In fact, bike racing was sort of an odd hobby - I knew that every single race was going to hurt. Not just slight discomfort, but real pain. And people signed up for that. It was fun. I’m sure competitive running is the same. Do it wrong and it is going to hurt. Do it right, it is still going to hurt.
Well, with what limited brisk walking that I’m doing, and expect to do more once my body re-situates itself, the increased breathing is expelling mucus from the trachea, and the general inertia slowly starts shuffling to work.
I’m convinced that you’re not really warmed up when you start your run.
This is OK for a get-out-of-resting-mode and preparing your muscles, tendons and joints for physical activity. It’s not, however, even remotely sufficient to get your body up there in maximum performance mode. To be really warmed up, need to use 20-30 minutes and you need to get your heart rate up to max at least a couple of times before your body is up to max performance.
What you’re experiencing is just your body reaching full performance mode. The first mile is just the real warmup
The warmup period is also generally going to take longer and longer time as your body ages.
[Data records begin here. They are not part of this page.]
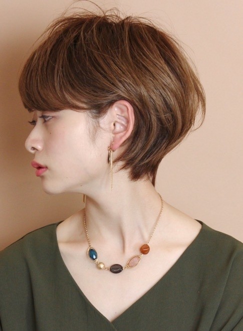 大人の女性として上品さも意識したい人にも、ショートボブがお似合いです。こちらはひし形シルエットで、どの角度からも小顔に見えるスタイル。軽やかさを持たせて、スレンダーな印象に。ツヤ感のある仕上がりと美シルエットで品のある雰囲気のできあがり。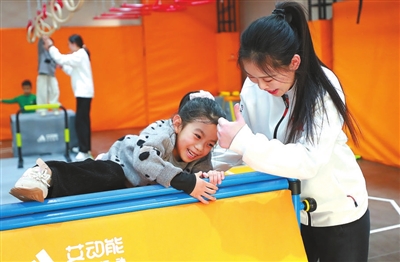 徐州幼兒師范高等專科學校體育學院畢業生徐倩,創辦了多家體能訓練中心。這是她在陪小朋友進行體能練習。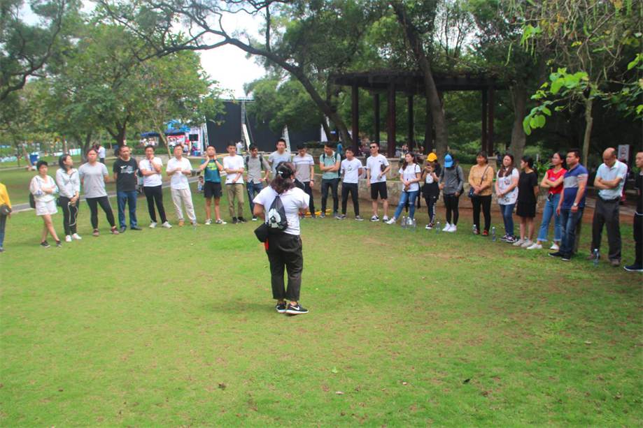 由于公司人員的急劇擴張,新員工的不斷加入,部門與部門之間業務的不同,很多同事之間還略顯生疏。因此游戲開始之前的第一個環節,就是所有員工圍成一個圓圈,由太氧谷品牌總監詹總帶頭做自我介紹,或嚴肅或詼諧的自我推介,展示了每個人不同的性格與個性,迅速地拉進了彼此的心,消除了隔閡和距離感,也為接下來的團隊合作游戲奠定了輕松愉快的氛圍。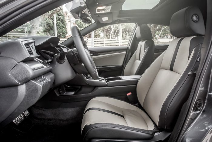 12 év után aztán végre felismerte a márka, hogy a Civic-vevők nem (csak) rekordméretű puttonyt, hanem sportos vezetési élményt (is) akarnak. Szóval a tank visszament a hátsó ülés alá, az új Civicben pedig sikerült az eddig túl magas vezetőülést visszahelyezni jó mélyre, szinte a padlóra. Ettől a csomagtérpadló lépcsős lett ugyan, a hátul ülők haja kissé súrolja a tetőt, és már nem lehet beállítani egy kisebb bringát a kabinba a hátsó ülések elé – viszont megint jó lett vezetni a kocsit! Ráadásul a csomagtartó még így is 478 literes, ezzel továbbra is kategóriaelső a Civic.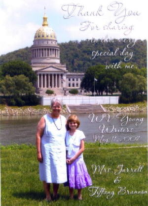 ![]() Submitted by Tammey Webb The West Virginia Young Writers' Celebration was held at Riggleman Hall in Charleston on May 11. Jan Jarrell, a second grade teacher at Arnoldsburg Elementary School and Calhoun County's first place Young Writers' winner, Tiffany Brannon were among the guests for the day. Tiffany is a fourth grade student at Arnoldsburg and a very talented young lady. Tiffany and Mrs. Jarrell participated in a Young Writers' Workshop and enjoyed the Keynote Speaker, Belinda Anderson, a West Virginia Author. Lunch was served and an awards ceremony was held to honor State and County winners. Arnoldsburg Elementary School says, "Congratulations Tiffany! You have made us proud."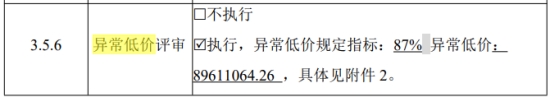 3.招标文件载明:异常低价为招标控制价的87%,最新提供的清单控制价为102059431.44,是否异常低价修改为最新提供的清单控制价*87%,按88791705.35 执行。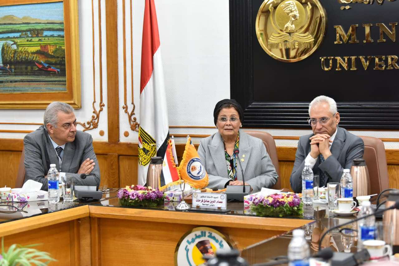ومع الدكتور عصام فرحات رئيس جامعة المنيا، ناقشت تعظيم دور الجامعة في دعم القضية السكانية من خلال التكامل مع أقسام الدراسات السكانية، برامج تمكين المرأة، المشروعات الصغيرة، مراكز تميز الرعاية الأولية، والمنشآت الصحية الصديقة للبيئة، إضافة إلى إعداد دراسة ميدانية للمؤشرات السكانية وتحديد لغة الخطاب المناسبة.

I’m glad to see other people have this problem. Mine starts even before I run. When I know I’m going out for a run my knees will start hurting or my old ankle injury will start acting up or any number of old man aches and pains will announce themselves. They disappear a few minutes after I start, to be replaced by real pains.
The problem with starting a new running program, for me anyway, is that it takes weeks to work through this painful period to get to the point where I can run that first mile and get comfortable. The warm up period is always a mile but, for beginners, the run doesn’t even last that long. Even when you get up to two miles you still have to suffer the pain and awkwardness for half your workout.
In my running/racing days it always took me a couple of miles for things to really flow. Even racing took a good mile at pace even with a solid warmup.
I’ve been wondering about this because I must be a weird exception. I always feel best for the first mile. During that first mile I can run faster and am not out of breath. With my runs (which are aways 3 to 4 miles long) I always push myself to my maximum effort the entire time. I never warm up.
Back this past April, I couldn’t run 5km. But by running 3 times a week as described above I managed last week to run my very first 5km race in just a few seconds over 20 minutes. What was weird to me is during that race I zoomed ahead of everyone at the beginning, I didn’t realize what was going on because I knew some people should be much faster than me (and they were). But I just settled into my usual pace and kept it. During the race I was passed only after we’d run the first mile, but I know my pace is pretty consistent for the entire race. Other people seem to have a reserve to call upon which I don’t get.
Sounds like you’ve blown your reserve right out of the gate. I’ve been shooting for negative splits, but I only get it in my second mile. I’m probably blowing mine early as well.